Meson Structure data tables

2. MC DIS Parameters Table (`dis_parameters*.csv`)

Contains Deep Inelastic Scattering parameters for each event:

One event has exactly one set of DIS parameters (one-to-one relationship)
Each row represents one complete event
Includes kinematic variables: Q², x_Bjorken, energy, etc.

1. Lambda Particle Table (`mcpart_lambda*.csv`)

Contains detailed information about Lambda particles found in each event:

One event can have multiple Lambda particles (one-to-many relationship)
Each row represents one Lambda particle
Includes particle properties: momentum, position, decay products, etc.

Database Relationship Diagram

Combine Multiple Files

The Key Challenge: Multiple Files = Broken Relationships

When we have multiple CSV files from different runs or datasets, each file starts its event numbering from 0:

File 1: evt = [0, 1, 2, 3, 4, ...]
File 2: evt = [0, 1, 2, 3, 4, ...]  ← ID Collision!
File 3: evt = [0, 1, 2, 3, 4, ...]  ← ID Collision!

Problem: Event 0 from File 1 is completely different from Event 0 from File 2, but they have the same ID!
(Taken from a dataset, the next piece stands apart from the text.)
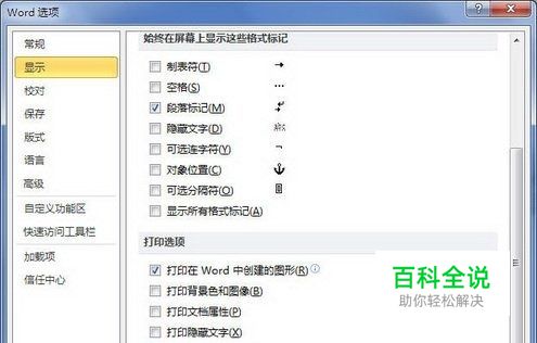 第2步,打开“Word选项”对话框,切换到“显示”选项卡。在“打印选项”区域选中“打印前更新域”复选框,并单击“确定”按钮即可,如图2011121106所示。 图2011121106 选中“打印前更新域”复选框
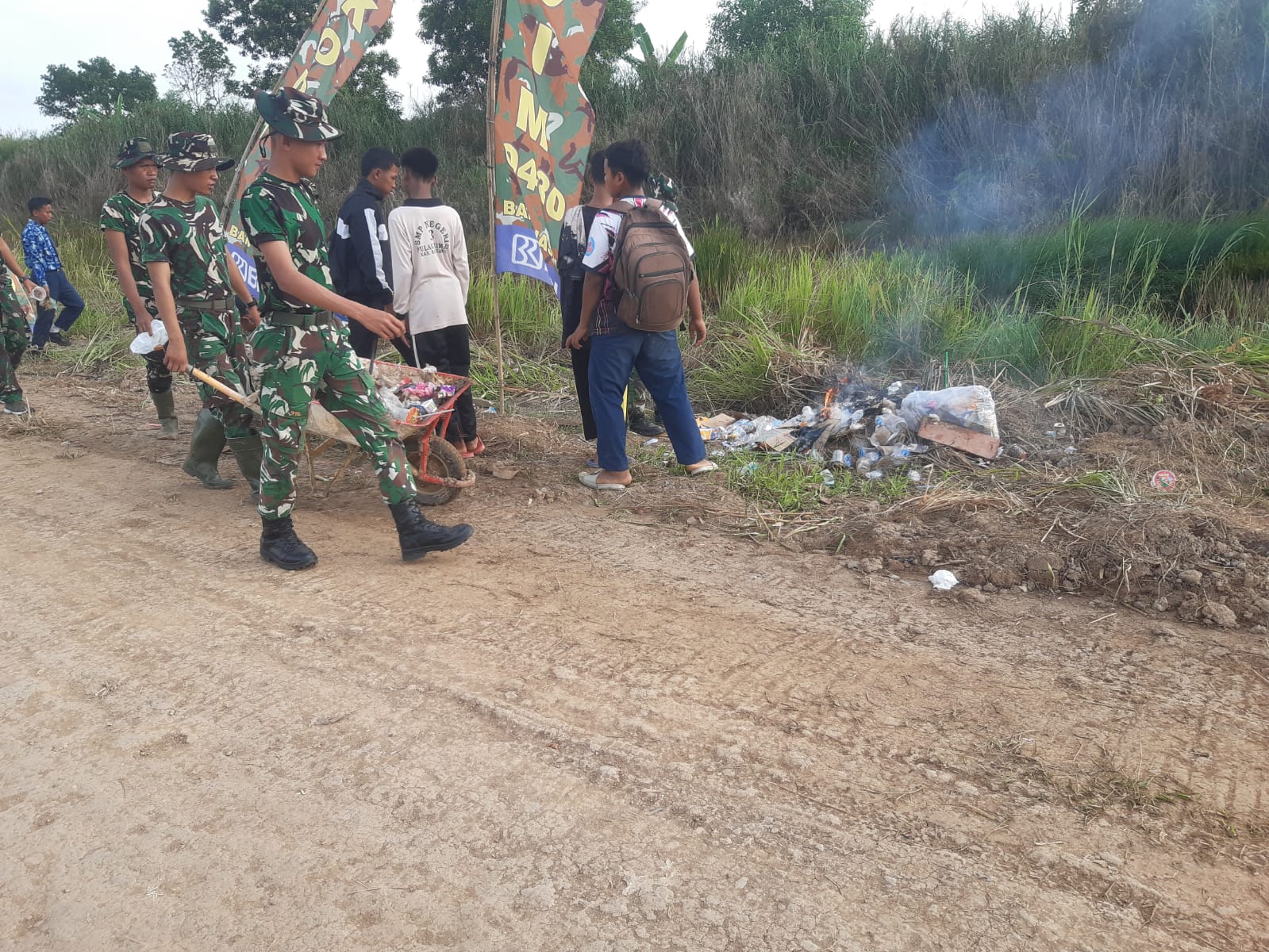 Kegiatan ini dilaksanakan dengan melibatkan personel Satgas bersama berbagai pihak terkait, sebagai persiapan untuk upacara pembukaan TMMD yang akan datang. Pembersihan dimulai setelah apel pagi personel Satgas dan dilakukan secara kolektif untuk mempercepat proses.

Solution: Global Unique Event IDs

We need to create globally unique event IDs across all files:

python

import pandas as pd
import glob

def concat_csvs_with_unique_events(files):
    """Load and concatenate CSV files with globally unique event IDs"""
    dfs = []
    offset = 0
    
    for file in files:
        df = pd.read_csv(file)
        df['evt'] = df['evt'] + offset  # Make IDs globally unique
        offset = df['evt'].max() + 1    # Set offset for next file
        dfs.append(df)
    
    return pd.concat(dfs, ignore_index=True)

# Load both tables with unique event IDs
lambda_df = concat_csvs_with_unique_events(sorted(glob.glob("mcpart_lambda*.csv")))
dis_df = concat_csvs_with_unique_events(sorted(glob.glob("dis_parameters*.csv")))
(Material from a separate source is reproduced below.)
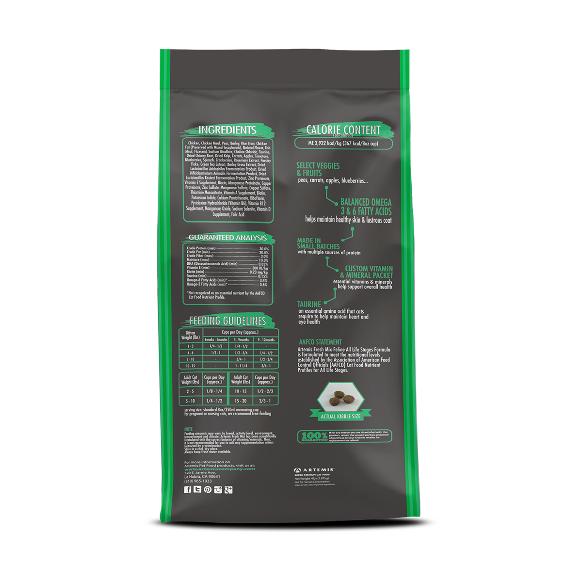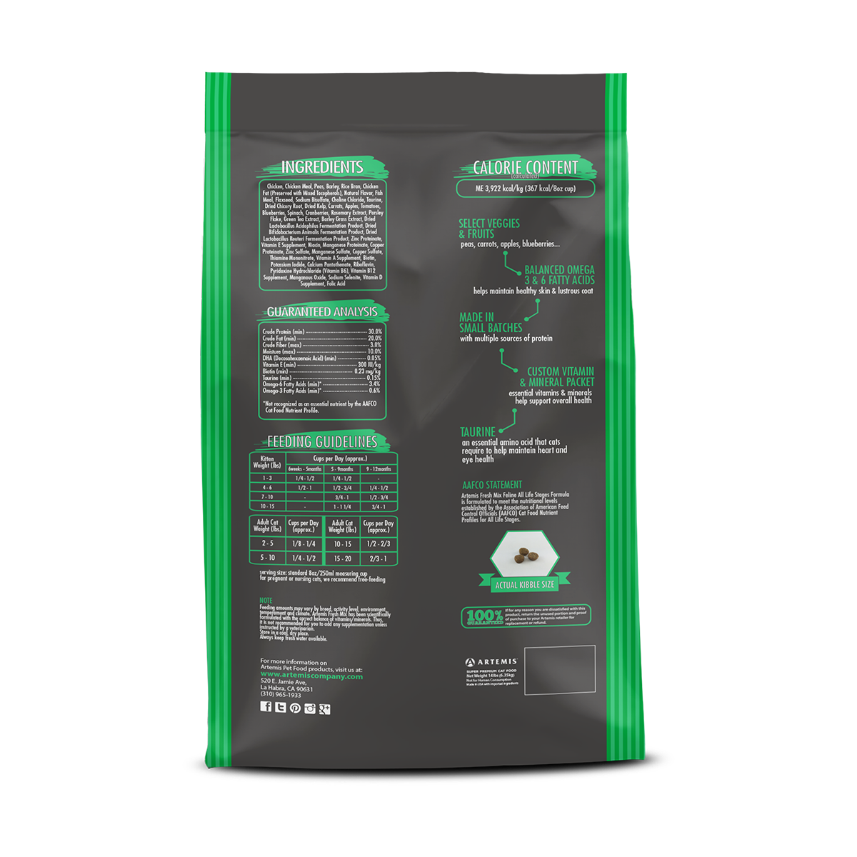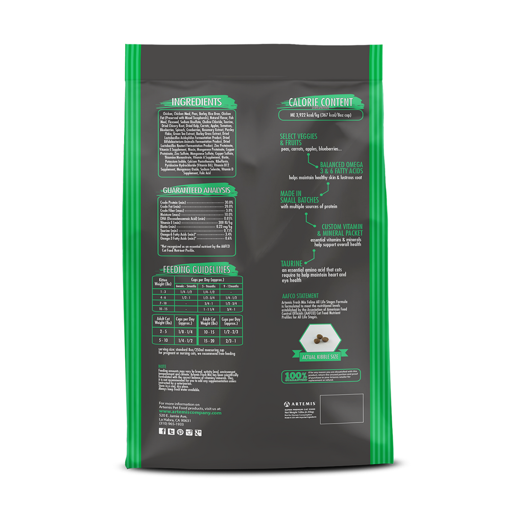 Chicken, Chicken Meal, Peas, Barley, Rice Bran, Chicken Fat (Preserved with Mixed Tocopherols), Fish Meal, Natural Flavor, Flaxseed, Sodium Bisulfate, Choline Chloride, Taurine, Dried Chicory Root, Dried Kelp, Carrots, Apples, Tomatoes, Blueberries, Spinach, Cranberries, Rosemary Extract, Parsley Flake, Green Tea Extract, Barley Grass, L-Carnitine, Dried Lactobacillus acidophilus fermentation product, dried Bifidobacterium animalis fermentation product, dried Lactobacillus reuteri fermentation product, Zinc Proteinate, Vitamin E Supplement, Niacin, Manganese Proteinate, Copper Proteinate, Zinc Sulfate, Manganese Sulfate, Copper Sulfate, Thiamine Mononitrate, Vitamin A Supplement, Biotin, Potassium Iodide, Calcium Pantothenate, Riboflavin, Pyridoxine Hydrochloride (vitamin B6), Vitamin B12 Supplement, Manganous Oxide, Sodium Selenite, Vitamin D Supplement, Folic Acid.ds

Result: Now we have globally unique event IDs:

File 1: evt = [0, 1, 2, 3, 4]
File 2: evt = [5, 6, 7, 8, 9]     ← No collision!  
File 3: evt = [10, 11, 12, 13, 14] ← No collision!

Database Operations in Pandas

Now we can perform standard database operations:

1. Inner Join (SQL equivalent: `INNER JOIN`)

Get Lambda particles with their corresponding DIS parameters:

python

# Join tables on event ID
joined = lambda_df.merge(dis_df, on='evt', how='inner')
print(f"Found {len(joined)} lambda particles with DIS data")

2. Filter and Join (SQL equivalent: `WHERE` + `JOIN`)

Find Lambda particles in high-Q² events:

python

# High-Q² events
high_q2_events = dis_df[dis_df['q2'] > 50]

# Lambda particles in those events
high_q2_lambdas = lambda_df.merge(high_q2_events[['evt', 'q2']], on='evt')
print(f"Found {len(high_q2_lambdas)} lambdas in high-Q² events")

3. Aggregation (SQL equivalent: `GROUP BY`)

Count Lambda particles per event:

python

lambdas_per_event = lambda_df.groupby('evt').size()
print(f"Average lambdas per event: {lambdas_per_event.mean():.2f}")

Real-World Example: Physics Analysis

Let's analyze Lambda particle production in different kinematic regions:

python

# Join lambda and DIS data
physics_data = lambda_df.merge(dis_df, on='evt', how='inner')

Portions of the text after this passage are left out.